Just wanted to throw in my support for a tablet--I've used mine everyday for the past year and a half and wouldn't go back. I have a Macbook, so I bought an external tablet, the Wacom Intuos4, which is the perfect size to sit on top of my 13' Macbook so that it takes up no additional space and I can easily write with it on my lap.
It was kind of expensive ($200 for the small size, plus about $50 for a more realistic feeling stylus/pen), but I also bought the non-entry level tablet (which is closer to $80 I think, but I don't think they have an "eraser") because I'm a photographer and I also use the tablet for Photoshop. If my tablet failed I'd buy the exact same one in a heartbeat, without any hesitation.
Writing is definitely slower than typing. However, what I've found is (for me at least) there are lots and lots of times that I wanted to draw an arrow to something in a slide, or put a circle around it, underline it, etc. While you can do that on powerpoint, it takes a long time and is inconvenient. I draw arrows all the same (think of anatomy, metabolism pathways, pathology/histology slides, etc.) I also enjoy writing far more than typing. It feels more natural, and I really hated reading notes typed in Powerpoint. (In case others would say to just taking notes on paper, I got tired of spending so much time/money to print the slides, and like the fact that with a laptop I can have all my notes with me all the time. It was hard to accept that after taking notes on paper my whole life, but I can't deny how indispensable a computer is in med school)

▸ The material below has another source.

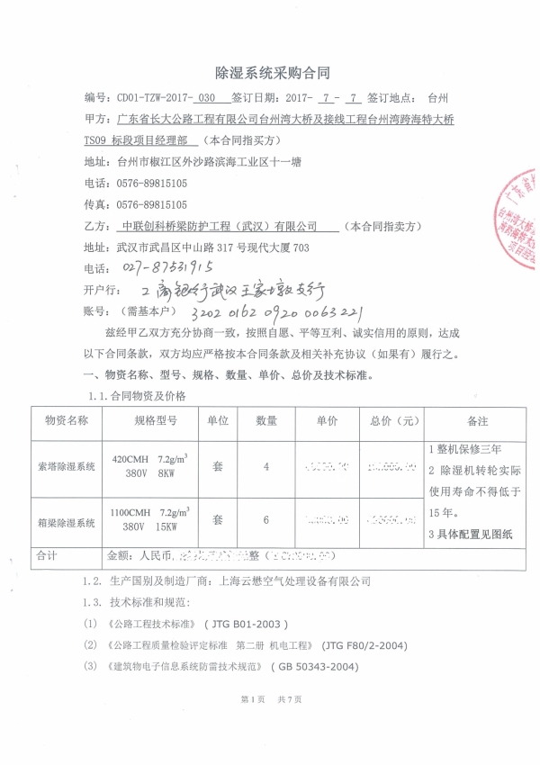 台州湾跨海特大桥为双塔双索面叠合梁斜拉桥,全长4038米,桥梁主跨488米,主墩有64根桩基,最长的桩基深长158米,为目前国内最深长的直径桩。大桥钢箱梁设计安装6套除湿系统。

A tablet just made more sense for me. In my class of about 150 students, there are probably about 2-3 with tablet PCs and another 10-15 that have external tablets like me (not all of them use them all the time--it depends on the lecture content. Regardless of content, I use mine all the time). PC users use OneNote, and Mac users seem to mostly use Powerpoint to write directly on the slides. I use Curio which preserves pressure-sensitive writing and also allows me to write on the powerpoint slide or off to the side of it, so that things stay more organized. I believe OneNote is really similar to Curio, but I haven't really used it. But OneNote and Curio are certainly far better than annotating directly onto the slide image using Powerpoint.
Regarding the thread, I'd vote for a Mac 🙂 But I hear great things about Lenovo--I believe Lenovo and Toshiba are the most reliable brands, followed by Apple, so obviously you can't go wrong with Lenovo!
I got this Lenovo ideapad (08772AU) at the beginning of 2nd year and I love it. It's fast, really really thin and has good battery life. http://shop.lenovo.com/us/notebooks/ideapad/u-series/u460
I really, really like what I read about the Lenovos, and my school seems to have deals on the Lenovo website. I just don't know how much I want to buy a new laptop for school when my 2 year old, $500 HP is still working pretty well (aside from a broken key and laggy video streaming). I'm kind of over the tablet laptop idea but I'm still thinking of getting a tablet peripheral (probably a Genius over a Wacom, they're generally cheaper and still very nice) since I like to handwrite my notes and that way I can handwrite right on the power points in the computer, right?
I know I could print them but 1, I never remember to actually print the damn things, 2, I'm worried I'll lose them (or my toddler will get her hands on them) and 3, I just don't want to lug all that paper around.